Varya’s outfit is appropriate for the lab, which is devoid of natural light and always cold, but not for the outdoors. The heat is making her sweat, so she’s relieved when they reach the main facility, where the grass is manicured and the trees newly planted. Varya leads Luke across a circular driveway and through a revolving door.

‘Holy crap,’ Luke says when they emerge indoors.

The lobby of the Drake is palatial, with two-story ceilings and limestone tree planters the size of kiddie pools.
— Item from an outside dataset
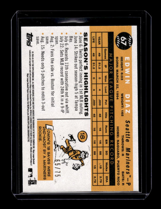 2017 Topps Archives Blue #67 Edwin Diaz #'d /75 (Seattle Mariners)

Its floors are made of imported white marble and stretch as wide as a high school cafeteria. One tour group huddles around the western wall, where videos and interactive exhibits play on flat screens. A second group is being led toward the elevators. The elevators are spectacular – modern glass and chrome cubes that look out over the San Pablo Bay – but the only staff member who uses them is a seventy-two-year-old researcher, wheelchair-bound due to rheumatoid arthritis, who studies the nematode worm C. elegans. Everyone else takes the stairs unless ill or injured, even those who work on the eighth floor.
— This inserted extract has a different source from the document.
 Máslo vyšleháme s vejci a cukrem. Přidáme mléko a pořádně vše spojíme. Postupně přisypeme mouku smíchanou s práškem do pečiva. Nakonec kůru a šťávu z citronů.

‘This way,’ says Varya. ‘We can talk in the atrium.’

Luke lags behind her, staring. The atrium, modeled after the Louvre, is a glass triangle that faces the Pacific Ocean and Mount Tamalpais. It also functions as a café, with round tables and a juice bar whose line is already ten tourists long. Varya stops at the farthest table and sits, hooking her purse over one of the chair’s arms.

‘It isn’t always this crowded,’ she says. ‘We hold tours for the public on Monday mornings.’

She keels slightly forward so that only her lower back touches the fabric: a balancing act, threat offset by constant vigilance, as though discomfort is the price she pays for safety. There was a time, as a child, that she lay in her top bunk and propped one dirty foot on the ceiling, just to see how it felt. Her sole left a dark impression on the paint. That night, she feared that tiny particles of dirt would drift down onto her face as she slept, so she stayed awake, watching. She never saw the dirt fall, which meant it hadn’t. If she had fallen asleep – if she hadn’t kept watch – it might have.

‘There must be intense public interest in this place,’ says Luke, sitting, too. He peels off his windbreaker, which is bright orange, like that of a crossing guard, and tosses it over the back of the chair. ‘How many people work here?’

‘There are twenty-two labs. Each one is run by a faculty lead and has at least three additional members, sometimes up to ten: staff scientists, professors, research associates, lab and animal techs, postdocs and masters students and fellows. The larger ones have administrative assistants, like the Dunham lab – she’s studying nerve cell signaling in Alzheimer’s. Of course, that’s not to mention the facilities and janitorial staff. Total? About one hundred and seventy employees, most of them scientists.’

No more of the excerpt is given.